A base model is extraordinarily knowledgeable but has no concept of following instructions — it just continues text. Fine-tuning trains it on instruction-response pairs to redirect that knowledge into helpful behavior. LoRA does this by updating just 0.006% of the weights. The knowledge was always there.

Course: Moderate.

This lesson covers 5 concepts: Base Model — No Instructions, The Fine-Tuning Dataset, LoRA — 0.006% of Weights, Fine-Tuned Response, Fine-Tune vs Prompt.

Base Model — No Instructions

A base model has no concept of following instructions — it just continues text. When asked to translate "hello", it treats the sentence as the start of a list and extends it. Fine-tuning teaches it to respond instead.
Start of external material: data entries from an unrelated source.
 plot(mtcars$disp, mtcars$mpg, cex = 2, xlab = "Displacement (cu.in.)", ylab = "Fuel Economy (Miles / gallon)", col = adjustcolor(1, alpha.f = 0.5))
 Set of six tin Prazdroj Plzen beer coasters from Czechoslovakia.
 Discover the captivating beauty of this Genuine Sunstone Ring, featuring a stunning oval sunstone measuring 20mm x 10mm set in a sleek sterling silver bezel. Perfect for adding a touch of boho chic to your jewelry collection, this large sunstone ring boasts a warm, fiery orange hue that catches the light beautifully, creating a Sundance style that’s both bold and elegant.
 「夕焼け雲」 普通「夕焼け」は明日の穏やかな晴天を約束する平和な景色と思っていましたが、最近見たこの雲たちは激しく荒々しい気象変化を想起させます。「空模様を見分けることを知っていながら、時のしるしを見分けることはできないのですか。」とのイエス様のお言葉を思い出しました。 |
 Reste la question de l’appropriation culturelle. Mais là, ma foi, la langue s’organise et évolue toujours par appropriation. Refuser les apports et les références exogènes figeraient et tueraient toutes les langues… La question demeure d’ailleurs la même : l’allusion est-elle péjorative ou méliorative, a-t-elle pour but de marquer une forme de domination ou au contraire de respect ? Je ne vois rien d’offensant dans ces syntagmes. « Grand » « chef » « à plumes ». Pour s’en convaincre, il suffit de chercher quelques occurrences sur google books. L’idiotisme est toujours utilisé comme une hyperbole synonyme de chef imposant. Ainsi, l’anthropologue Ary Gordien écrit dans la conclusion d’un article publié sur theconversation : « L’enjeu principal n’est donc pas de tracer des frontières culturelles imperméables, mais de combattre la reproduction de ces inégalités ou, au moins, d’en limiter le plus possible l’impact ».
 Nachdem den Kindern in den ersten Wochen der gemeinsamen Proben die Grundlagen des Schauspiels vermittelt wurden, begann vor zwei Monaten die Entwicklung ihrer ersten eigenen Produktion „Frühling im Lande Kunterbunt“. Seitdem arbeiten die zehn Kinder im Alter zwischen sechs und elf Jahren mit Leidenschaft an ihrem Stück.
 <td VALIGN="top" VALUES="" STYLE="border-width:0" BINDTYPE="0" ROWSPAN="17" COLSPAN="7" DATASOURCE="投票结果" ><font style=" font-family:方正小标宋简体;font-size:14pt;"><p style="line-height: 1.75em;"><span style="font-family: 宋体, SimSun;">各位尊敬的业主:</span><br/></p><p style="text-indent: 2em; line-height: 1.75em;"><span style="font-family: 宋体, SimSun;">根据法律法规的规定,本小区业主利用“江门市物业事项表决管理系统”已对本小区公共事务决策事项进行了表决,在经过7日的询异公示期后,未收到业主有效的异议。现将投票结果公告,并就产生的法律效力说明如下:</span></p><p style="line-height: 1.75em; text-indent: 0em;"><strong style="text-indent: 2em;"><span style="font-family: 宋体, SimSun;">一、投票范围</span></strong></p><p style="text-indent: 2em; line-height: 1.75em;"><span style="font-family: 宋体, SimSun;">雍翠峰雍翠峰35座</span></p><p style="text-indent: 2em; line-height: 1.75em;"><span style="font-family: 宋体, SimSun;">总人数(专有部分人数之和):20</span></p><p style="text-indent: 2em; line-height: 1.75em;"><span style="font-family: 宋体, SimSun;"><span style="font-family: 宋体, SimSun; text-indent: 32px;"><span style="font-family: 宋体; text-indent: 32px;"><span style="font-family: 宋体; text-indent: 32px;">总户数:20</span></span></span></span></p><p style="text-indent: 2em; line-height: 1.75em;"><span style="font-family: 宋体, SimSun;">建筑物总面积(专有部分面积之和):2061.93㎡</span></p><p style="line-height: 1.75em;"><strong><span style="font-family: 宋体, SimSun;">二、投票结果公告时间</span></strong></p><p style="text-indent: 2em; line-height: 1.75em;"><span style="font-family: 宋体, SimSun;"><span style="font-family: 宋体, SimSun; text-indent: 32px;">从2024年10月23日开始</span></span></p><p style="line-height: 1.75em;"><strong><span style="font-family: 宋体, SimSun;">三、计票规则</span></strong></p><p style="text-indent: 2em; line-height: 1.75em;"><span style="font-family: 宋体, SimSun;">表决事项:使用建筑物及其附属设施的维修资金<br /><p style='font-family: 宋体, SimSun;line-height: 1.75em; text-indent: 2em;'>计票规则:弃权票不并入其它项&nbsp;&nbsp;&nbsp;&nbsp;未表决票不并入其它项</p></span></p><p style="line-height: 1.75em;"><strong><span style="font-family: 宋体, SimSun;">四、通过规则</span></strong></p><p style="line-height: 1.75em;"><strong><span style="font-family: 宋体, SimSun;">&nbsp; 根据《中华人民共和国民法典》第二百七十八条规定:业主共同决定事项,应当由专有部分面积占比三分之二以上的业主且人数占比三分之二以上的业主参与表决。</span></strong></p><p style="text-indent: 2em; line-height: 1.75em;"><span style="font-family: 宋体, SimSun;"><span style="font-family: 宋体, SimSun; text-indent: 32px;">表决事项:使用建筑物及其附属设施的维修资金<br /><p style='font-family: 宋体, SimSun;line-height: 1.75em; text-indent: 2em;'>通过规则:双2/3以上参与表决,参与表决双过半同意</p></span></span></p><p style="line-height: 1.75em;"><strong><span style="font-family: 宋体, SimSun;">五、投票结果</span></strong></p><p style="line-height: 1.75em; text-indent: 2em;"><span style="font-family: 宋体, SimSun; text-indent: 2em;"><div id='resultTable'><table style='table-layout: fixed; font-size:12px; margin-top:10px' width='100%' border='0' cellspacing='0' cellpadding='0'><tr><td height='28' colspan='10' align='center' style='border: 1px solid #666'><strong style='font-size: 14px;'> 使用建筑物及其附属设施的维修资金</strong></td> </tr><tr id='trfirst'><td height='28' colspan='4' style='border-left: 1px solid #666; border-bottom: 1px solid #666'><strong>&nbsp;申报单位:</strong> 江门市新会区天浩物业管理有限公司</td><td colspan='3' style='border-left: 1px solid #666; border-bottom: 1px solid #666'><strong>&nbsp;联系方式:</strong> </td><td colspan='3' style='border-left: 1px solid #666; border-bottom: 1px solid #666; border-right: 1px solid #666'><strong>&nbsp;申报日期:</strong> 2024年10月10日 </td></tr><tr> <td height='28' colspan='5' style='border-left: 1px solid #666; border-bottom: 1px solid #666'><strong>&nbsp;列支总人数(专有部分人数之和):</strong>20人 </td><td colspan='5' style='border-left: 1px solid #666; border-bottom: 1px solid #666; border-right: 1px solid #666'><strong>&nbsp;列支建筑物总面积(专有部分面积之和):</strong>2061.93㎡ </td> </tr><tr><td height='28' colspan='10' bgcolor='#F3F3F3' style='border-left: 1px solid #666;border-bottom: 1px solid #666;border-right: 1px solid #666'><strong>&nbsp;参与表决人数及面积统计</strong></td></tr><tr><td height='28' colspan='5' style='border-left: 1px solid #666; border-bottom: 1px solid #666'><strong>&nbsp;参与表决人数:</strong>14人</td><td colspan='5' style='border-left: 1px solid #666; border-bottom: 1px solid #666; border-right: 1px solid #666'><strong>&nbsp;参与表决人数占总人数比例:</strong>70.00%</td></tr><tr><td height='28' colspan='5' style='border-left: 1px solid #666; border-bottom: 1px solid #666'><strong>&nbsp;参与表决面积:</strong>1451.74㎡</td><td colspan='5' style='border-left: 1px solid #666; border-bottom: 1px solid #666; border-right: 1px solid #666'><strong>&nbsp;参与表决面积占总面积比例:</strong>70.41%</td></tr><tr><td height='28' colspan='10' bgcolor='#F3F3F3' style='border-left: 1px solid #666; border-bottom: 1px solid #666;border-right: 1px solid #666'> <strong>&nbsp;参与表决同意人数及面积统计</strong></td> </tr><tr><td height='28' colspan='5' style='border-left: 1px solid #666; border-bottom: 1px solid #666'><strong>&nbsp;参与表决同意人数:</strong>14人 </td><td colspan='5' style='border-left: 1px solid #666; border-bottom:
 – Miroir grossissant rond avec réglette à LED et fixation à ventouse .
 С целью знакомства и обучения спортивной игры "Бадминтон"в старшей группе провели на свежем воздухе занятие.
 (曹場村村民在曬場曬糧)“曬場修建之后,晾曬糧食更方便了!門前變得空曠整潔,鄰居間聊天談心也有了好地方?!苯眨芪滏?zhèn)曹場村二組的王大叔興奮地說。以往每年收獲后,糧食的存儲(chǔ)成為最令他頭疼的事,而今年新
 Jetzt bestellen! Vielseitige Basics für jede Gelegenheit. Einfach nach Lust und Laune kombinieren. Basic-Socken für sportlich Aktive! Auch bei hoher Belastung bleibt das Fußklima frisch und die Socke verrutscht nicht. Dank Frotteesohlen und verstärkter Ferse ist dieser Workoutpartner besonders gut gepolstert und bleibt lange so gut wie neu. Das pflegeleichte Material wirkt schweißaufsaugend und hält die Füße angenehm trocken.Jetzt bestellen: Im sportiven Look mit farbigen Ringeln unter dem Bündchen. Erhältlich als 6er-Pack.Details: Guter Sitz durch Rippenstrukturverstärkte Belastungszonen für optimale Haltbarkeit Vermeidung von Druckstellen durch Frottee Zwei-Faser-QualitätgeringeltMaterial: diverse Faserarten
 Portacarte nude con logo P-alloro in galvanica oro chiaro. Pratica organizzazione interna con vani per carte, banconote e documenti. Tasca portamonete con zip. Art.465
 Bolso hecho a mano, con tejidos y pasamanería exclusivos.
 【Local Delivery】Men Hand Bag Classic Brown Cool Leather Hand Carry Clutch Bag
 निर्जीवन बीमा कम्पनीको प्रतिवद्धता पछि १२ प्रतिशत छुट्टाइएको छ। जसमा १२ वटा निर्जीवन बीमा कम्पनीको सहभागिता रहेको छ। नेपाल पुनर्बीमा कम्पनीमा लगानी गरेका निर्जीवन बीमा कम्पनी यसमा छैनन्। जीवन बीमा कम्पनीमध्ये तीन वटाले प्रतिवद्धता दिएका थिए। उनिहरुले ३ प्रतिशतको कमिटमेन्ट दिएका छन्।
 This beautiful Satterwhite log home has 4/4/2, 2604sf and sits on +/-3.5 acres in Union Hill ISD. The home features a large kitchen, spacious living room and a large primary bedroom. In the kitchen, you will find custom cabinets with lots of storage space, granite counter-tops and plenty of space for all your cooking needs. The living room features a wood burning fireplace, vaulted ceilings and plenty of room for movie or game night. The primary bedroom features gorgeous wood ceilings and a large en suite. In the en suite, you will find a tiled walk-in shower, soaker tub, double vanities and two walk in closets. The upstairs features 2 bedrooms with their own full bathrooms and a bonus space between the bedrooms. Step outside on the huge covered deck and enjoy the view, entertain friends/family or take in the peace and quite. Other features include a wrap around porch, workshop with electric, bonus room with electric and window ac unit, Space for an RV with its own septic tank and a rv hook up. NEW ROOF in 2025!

This is why ChatGPT and a raw base GPT feel so different. Identical weights, but one was fine-tuned to follow instructions and one was not.

The base model is like a brilliant person who will only finish your sentences, not follow your orders. Fine-tuning teaches it to be an assistant instead of just a text-completion engine.

Base GPT-3 on "Write a haiku about autumn": often continued the prompt as a list of more haiku prompts. Instruction fine-tuning on just 13K examples fixed this completely.

The Fine-Tuning Dataset

Fine-tuning trains the model on thousands of (instruction, ideal response) pairs. The model learns what a good response looks like for each type of task — and generalises to new tasks of the same type.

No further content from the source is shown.